Recover data from a pool that cannot be imported...

Status
Not open for further replies.

jaggel

Cadet
Joined
Aug 13, 2012
Messages
7
I had a raidz1 pool with 6 x 1tb disks on a Freenas 8.3.0 box till recently that I made a series of mistakes I think and cannot import it...
After a disk failure I physically replaced the disk but accidentally instead of replacing I simply added it to the pool thus resulting in a 'not recommended' situation with my pool consisting of a stripe set of a "degraded" raidz vdev and a single disk...
The real problem though came in when the single disk also failed and I can no longer import the pool... The error is the "One or more devices are missing from the system."
Since I have not written any new data on the pool after the "replacement" is there any way that I could extract the data from the "degraded" raidz vdev? Can we somehow bypass the missing top level vdev or is there any advanced way to import/recover the pool...?
Just for the record when I executed zdb I saw that the labels are missing on all of the disks of the pool but it seems that all the other info is there (apart from the failed single disk)...

Thanks in advance.
 

cyberjock

Inactive Account
Joined
Mar 25, 2012
Messages
19,526
Post the output of zpool import and zpool status, in code tags. The code tags will save the formatting, which is very important.
 

jaggel

Cadet
Joined
Aug 13, 2012
Messages
7
Post the output of zpool import and zpool status, in code tags. The code tags will save the formatting, which is very important.

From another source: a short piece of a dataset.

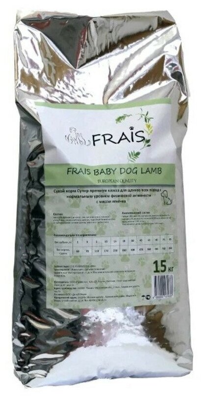 Сухой корм для щенков всех пород с нормальным уровнем активности Frais Baby Dog Lamb, 15 кг

The output of zpool import:
Code:
[root@neptune] ~# zpool import
  pool: tank2
    id: 2303632421064316926
  state: UNAVAIL
status: One or more devices are missing from the system.
action: The pool cannot be imported. Attach the missing
        devices and try again.
  see: http://www.sun.com/msg/ZFS-8000-6X
config:
 
        tank2                                          UNAVAIL  missing device
          raidz1-0                                      DEGRADED
            gptid/9aa2891a-5734-11e2-8ebb-001e8c089abb  ONLINE
            gptid/9b61dcb6-5734-11e2-8ebb-001e8c089abb  ONLINE
            gptid/00ba9619-d784-11e2-90cf-001e8c089abb  ONLINE
            gptid/9ca58184-5734-11e2-8ebb-001e8c089abb  ONLINE
            16389829440877692601                        UNAVAIL  cannot open
            gptid/9e61fdfb-5734-11e2-8ebb-001e8c089abb  ONLINE
 
        Additional devices are known to be part of this pool, though their
        exact configuration cannot be determined.


The output of zpool status:
Code:
[root@neptune] ~# zpool status
  pool: tank1
state: ONLINE
  scan: scrub repaired 0 in 0h53m with 0 errors on Fri Sep 20 09:30:43 2013
config:
 
        NAME        STATE    READ WRITE CKSUM
        tank1      ONLINE      0    0    0
          ada1      ONLINE      0    0    0
          ada0      ONLINE      0    0    0
          ada7      ONLINE      0    0    0
 
errors: No known data errors
 

cyberjock

Inactive Account
Joined
Mar 25, 2012
Messages
19,526
Well, its like this....

tank1 has 3 disks, and if any of those fail or otherwise have significant problems, you will lose the pool.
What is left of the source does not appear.